Banks is no stranger to controversial statements. In 2016, she was dropped from her headline slot at a UK festival after making racist and homophobic remarks (again on social media) towards former One Direction singer Zain Malik. In this latest outburst, she once again faced accusations of racism, this time against Irish people. Engaging with various challenges to her comments, she responded to one online critic with ‘Don’t you all have a famine to go die in?’ a reference to the Great Irish Famine of 1845-1852, the tragic event in which one million people died of starvation and a further one million were displaced.
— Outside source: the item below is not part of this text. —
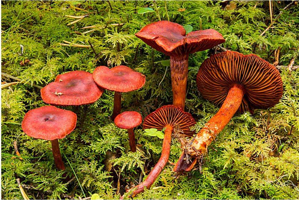
Figuur 2. Bloedrode gordijnzwammen ( Cortinarius sanguineus ss. lato) in een vochtig fijn-sparrenbos in midden-Zweden, eind augustus 2016.

erkende. Hij onderscheidde bovendien nog een aparte variëteit van “ Dermocybe ” sanguinea , namelijk var. vitiosus . In de Funga Nordica (Knudsen & Vesterholt, 2012), die op dit moment waarschijnlijk de meest populaire funga is, en haar voorloper, Nordic Macromycetes (Hansen & Knudsen, 1992) wordt C. puniceus niet genoemd, de andere twee taxa wel.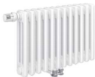
DELTA LASERLINE VENTIL

As undoubtedly offensive as these comments were, it is probably not the case that Banks holds deep-seated racially driven prejudice against Irish people. It could be that her outburst was simply another publicity seeking exercise during her tour of the UK and Ireland. Yet many people construed her comments as examples of anti-Irish racism and many termed it ‘hate speech’. Indeed, her statement about the Irish having ‘zero white privilege’ do actually demonstrate some insight into the complexity of racism which is so frequently constructed in binary, colour-coded terms. It was this comment in particular which sparked my attention on the incident, given my own personal and research interests in the question of anti-Irish racism. My research focuses specifically on Scotland, and I argue that the experiences of Irish Catholics illustrates why debates on what ‘counts’ as racism are often taking place on unhelpfully narrow terrain. This is particularly the case in Scotland, because it has contributed to a ‘no problem here’ narrative in which Scotland is presented as a nation free from racism, but these arguments also have wider resonance.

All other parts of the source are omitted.